Con un gracioso movimiento de hombros, cogió impulso, aire fresco por su nariz agrietada.
– No, hija, no, sólo te estaba viendo. ¿Te molesta?- odio a la gente sincera, porque la mayoría de las veces no les puedes rebatir nada.
– Nooo, por Dios, Carmela…
– ¿Te gusta ir en bici?- hablaba con calma, se tomaba sus tiempos, como si estuviéramos tomando el té, cada una en su butaca. Tenía sus manitas cruzadas sobre su discreto abdomen.
– Sí, es lo más cómodo. No hay tráfico ni semáforos, no necesitas buscar aparcamiento… No está mal.
– Oye, niña, qué bueno. Y además, sabes arreglarla, ¿no?- mi capacidad de charlar, a la vez que contenía mi frustración porque la cadena no rodaba, disminuía.
– Bueno… lo intento. Se hace lo que se puede- y se la devolví para terminar con el diálogo de besugos -.Oiga Carmela, ayer tuvo visitas, ¿no?- como buena vecina, escuché que subía a su piso con dos o tres personas más, rondando su edad. No me interesaba lo más mínimo, pero mi madre me enseñó desde pequeña a evadir preguntas haciendo otras.
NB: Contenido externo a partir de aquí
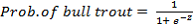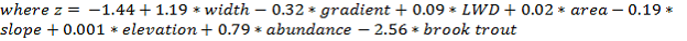 Model Description: The NetMap empirical bull trout model is taken from a modeling study which was completed using data from 112 1st – 4th order streams in the Upper Bitterroot River, Montana (Rich et al., 2003). No sampling occurred: 1) where the stream gradient was greater than 20%; 2) above barriers > 2 m such as falls; 3) where stream width was greater than 7 m due to problems with sampling logistics; 4) where contributing area > 130 km2; 5) at elevations lower than 1340 m or higher than 1945; or 6) at channel gradients higher than 15.6% (Rich et al., 2003). Presence/absence of bull trout was measured using electro-fishing and all sampling was completed within a five-year time period. Predictor variables of from local habitat, watersheds scale characteristics, and biotic factors were tested during model development to generate the final model to address the diversity of habitat needs and size. The model calculates the probability of bull trout presence using a logistic regression with parameters: wetted stream width, reach gradient, large woody debris (LWD), basin area, average channel slope, elevation, main stem abundance of bull trout, and the presence or absence of brook trout (Equation 1,2):

Silencio. Con Carmela es como si pagaras por cada aliento. Para ella respirar es como si el aire debiera ser meticulosamente aprovechado.
– Bueno… sí.
Después se queja mi madre de mis monosílabos. Carmela no se quedaba atrás. Parecía que escuchaba mis pensamientos. O quizás era ella la que pensaba y pensaba, con el mismo cuidado con que respiraba.
– Son mis amigos de la cabaña.
Ante semejante respuesta ya empecé a pensar que bendita la hora en la que toqueteé la cadena y los frenos el día anterior, y que más valía haberla dejado como estaba. Puñetera bici que me hacía escuchar ya, no sólo las lamentaciones de gente aburrida o los sueños de mecánicos frustrados, sino los delirios de viejas chochas que viven en cabañas.
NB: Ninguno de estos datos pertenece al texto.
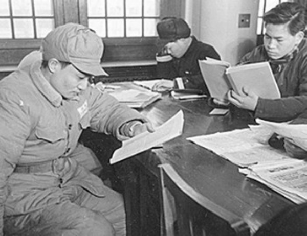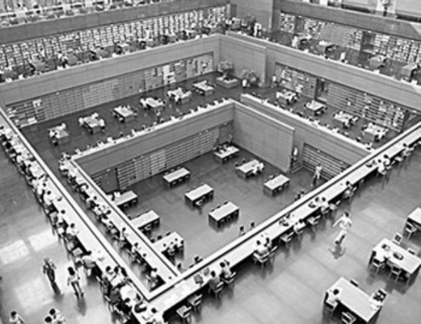 上世纪50年代,读者在文津街北京图书馆大阅览室里阅读。

– Somos cuatro amigos y también, las veces que se lo permiten, viene mi nietecito. A veces no nos entendemos muy bien, pero nos queremos mucho. Dicen que todos, aunque seamos diferentes, tenemos algo que aportar, ¿no? Pos eso será.
Al fin, la cadena rodó.
-Bueno, Carmela, que me alegro mucho de verla. ¡Hala! ¡A seguir bien!- volé.
Al cabo de dos días me acordé en la cena de este episodio de la cabaña de Carmela y se lo comenté a mis padres.
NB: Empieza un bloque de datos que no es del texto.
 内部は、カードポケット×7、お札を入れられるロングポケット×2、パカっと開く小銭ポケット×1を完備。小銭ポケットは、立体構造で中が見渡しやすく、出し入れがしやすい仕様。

– ¡Pues no que la Carmela, de arriba, la trola que me ha metido! Dice que los que vienen a verla son sus amigos de “la cabaña”.
Silencio. Qué manía…
– Oye, ¿qué pasa?- intuí que había pocas ganas de explicarme, pero insistí, para que mis padres creyeran que sí me interesaba la vida de Carmela. Nunca hay que rendirse y, ante los padres, menos.
– ¿Has visto a los señores que suben a veces con ella? -mi madre se puso seria, me había metido en el fango hasta el fondo, un fango del que ya no podía salir.- Pobre Carmela, no sabe uno si reír o llorar cuando pasan por la acera. Cada uno tiene una cosa y siempre van un ciego, un sordomudo, un señor en silla de ruedas con las piernas amputadas o yo qué sé qué, y su nieto, que puede rondar tu edad y sufre una especie de autismo. Nunca me entero bien porque me da apuro preguntarla. Por lo que se ve, se conocieron en un centro de ocio que había hace unos años, llamado La cabaña, donde las personas que estaban en el centro psiquiátrico de abajo de la calle, bien porque estuvieran por voluntad propia o porque estaban terminando su estancia, podían reunirse para tomar algo o para jugar a algún juego de mesa con gente del barrio. Es para verlos paseando. Apenas hablan, porque no se entienden, pero en cambio a mí me da la sensación de que se entienden… No sé, es muy raro, ¿verdad, Manolo? Juntos se les ve estupendamente.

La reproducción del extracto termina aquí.